While this potential for audience overlap would seemingly make the video game world fertile ground for comic properties, both DC and Marvel have struggled immensely to break into the medium. Both Marvel and DC were beat to the MMO punch by City of Heroes, a superhero MMORPG that does not use any commercial properties but allows gamers to develop their own unique superhero. The developer, Cryptic studios, was sued by Marvel for allowing users to create superheros that resembled Marvel characters. Shortly after the suit was settled behind closed doors (without any alterations to City of Heroes), Marvel announced that were partnering with Cryptic make Marvel Universe Online. This would seem to indicate that Marvel realized the logical appeal of creating a licensed MMO that could capitalize on the mainstream success of games like World of Warcraft and were savvy enough to lure in a successful MMO developer that understood comics. However, Marvel Universe Online was cancelled earlier this year and the project reformulated into Champions Online, an MMO using another Marvel property but losing the mass appeal of the most recognizable Marvel characters.

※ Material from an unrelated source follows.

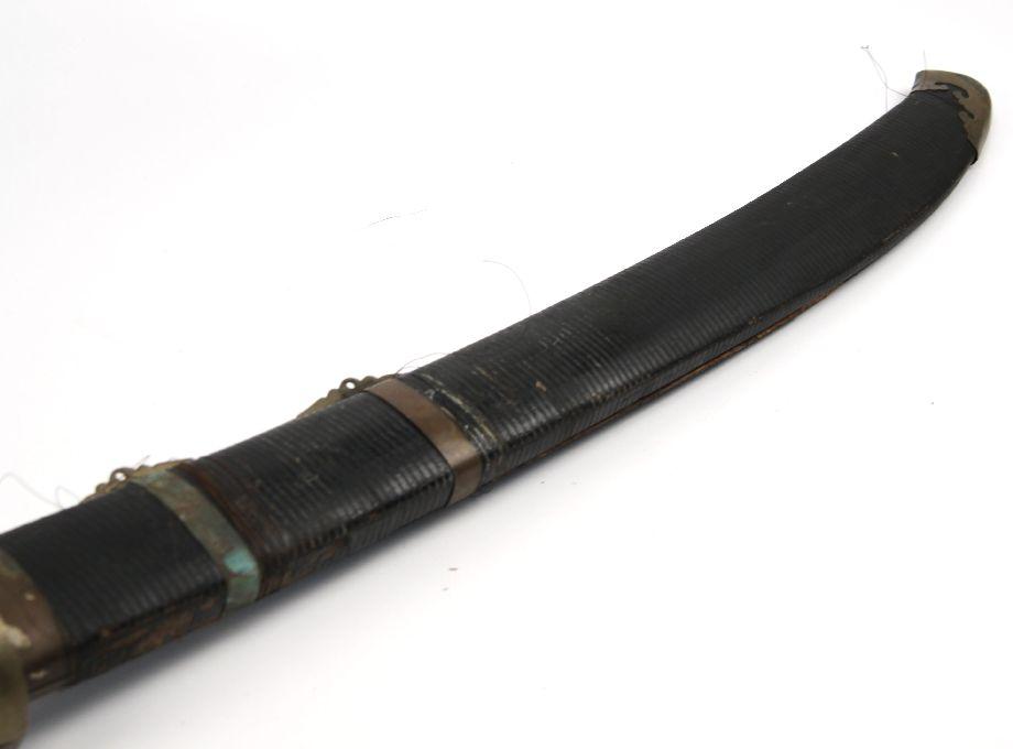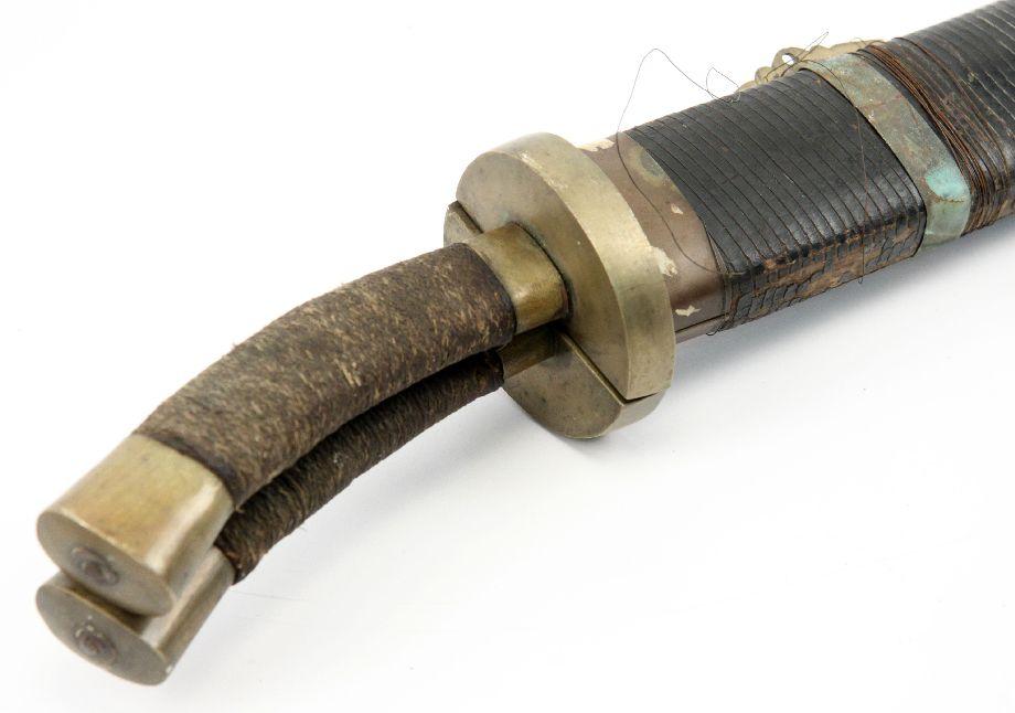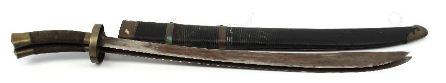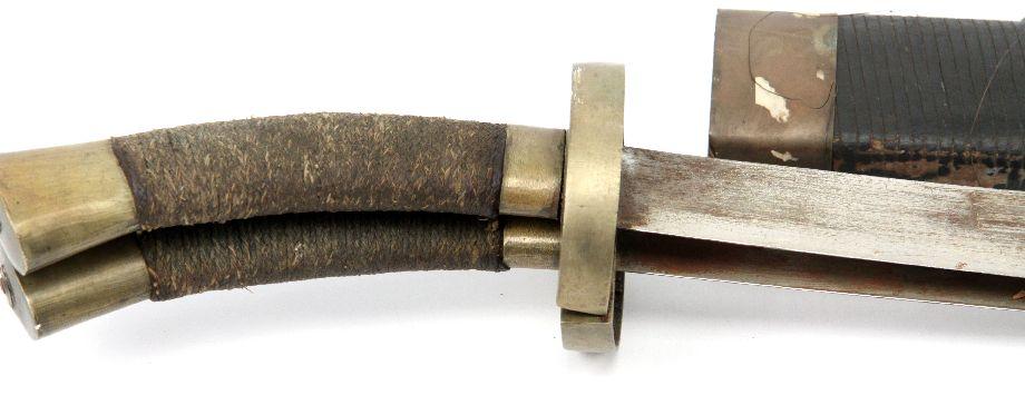 A Double set of kampilan type swords, appearing to be from the Philippines, likely around mid 20th Century. 31 inch double fullered blades, both fitting into a single bamboo scabbard. Probably made as a tourist novelty. Surface rust on blades, and wear to scabbard.

As for DC, the impact of The Dark Knight has caused a surge in Batman based games, but again with problems involving licensing. Apparently EA owns the rights to the Batman movies and is therefore making a Dark Knight game. However, rumors are currently swirling that the game has been cancelled because it missed tie-in release with the film, with others suggesting that it is surging overbudget but will appear alongside the DVD release. However, an entirely separate company, Eidos, owns the rights to the Batman Comics, resulting in Batman: Arkham Asylum, an attempt to capitalize on the Dark Knight but without directly referencing the movie, only the world of Batman comics. Warner Bros. Interactive has published their own game, Lego Batman, which was released a few days ago and meant to appeal to family audiences. On the other end of the spectrum, later this fall will see the release of Mortal Kombat vs. DC Universe, a merging of worlds that has upset diehard fans of both properties, but includes Batman along with a variety of other DC characters. Finally, DC is also prepping DC Universe Online, an MMO announced at Comic-Con that is attempting to do what Marvel tried and failed.
It’s still to be seen how well any of these games will actually do. From April 07 to April 08, only 1 of the top 50 bestselling video games across platforms was based on a comic, and that was the movie tie-in release of Spider Man 3, a game that sold 3.4 million copies but was poorly received by the press. DC seems to have spread their content to far too many publishers to create any sort of consistent brand image or to maintain control over the production cycles of these titles. The big turning point will be to see what happens with MMOs, as a single successful comic-based MMO could establish either DC or Marvel in the gaming world.